[Dataset records]
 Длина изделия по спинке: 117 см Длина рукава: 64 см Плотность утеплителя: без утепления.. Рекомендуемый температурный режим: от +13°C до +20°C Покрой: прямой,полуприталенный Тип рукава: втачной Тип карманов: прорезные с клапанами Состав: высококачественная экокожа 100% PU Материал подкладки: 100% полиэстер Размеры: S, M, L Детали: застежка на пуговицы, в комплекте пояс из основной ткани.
[/Dataset records]
[Dataset records]
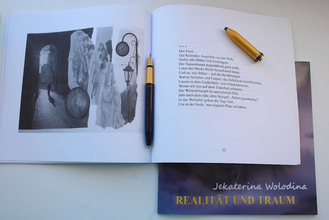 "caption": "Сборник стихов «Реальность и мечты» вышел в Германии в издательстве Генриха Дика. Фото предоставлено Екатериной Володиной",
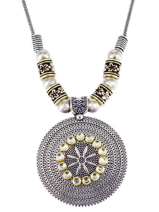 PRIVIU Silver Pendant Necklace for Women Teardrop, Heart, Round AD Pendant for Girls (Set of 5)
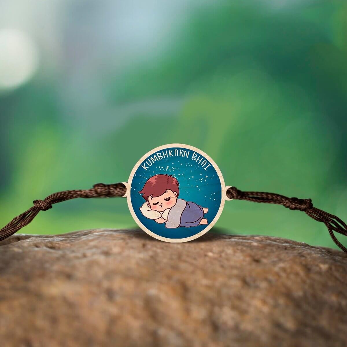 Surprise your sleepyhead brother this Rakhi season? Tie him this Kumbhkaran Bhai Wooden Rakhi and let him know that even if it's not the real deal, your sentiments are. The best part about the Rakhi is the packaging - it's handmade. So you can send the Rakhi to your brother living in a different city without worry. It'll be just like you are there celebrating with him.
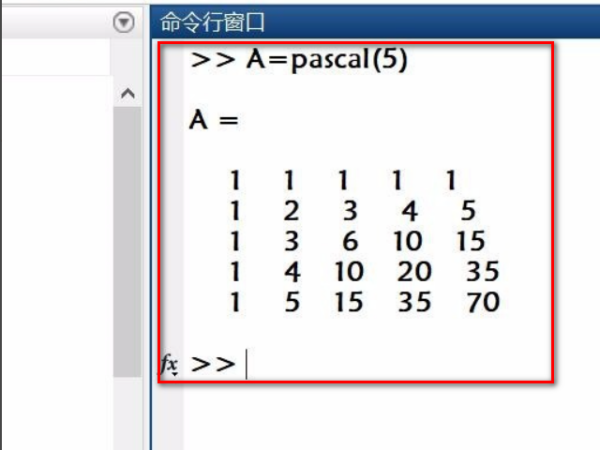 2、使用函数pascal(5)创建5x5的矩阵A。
[/Dataset records]
Problem to work on. Write out exactly the run of lines above that starts at the line containing "Surprise your sleepyhead" and ends at the line containing "2、使用函数pascal(5)创建5x5的矩阵A。". Include both, and leave the pictures out.

Exercise result.
 Surprise your sleepyhead brother this Rakhi season? Tie him this Kumbhkaran Bhai Wooden Rakhi and let him know that even if it's not the real deal, your sentiments are. The best part about the Rakhi is the packaging - it's handmade. So you can send the Rakhi to your brother living in a different city without worry. It'll be just like you are there celebrating with him.
 2、使用函数pascal(5)创建5x5的矩阵A。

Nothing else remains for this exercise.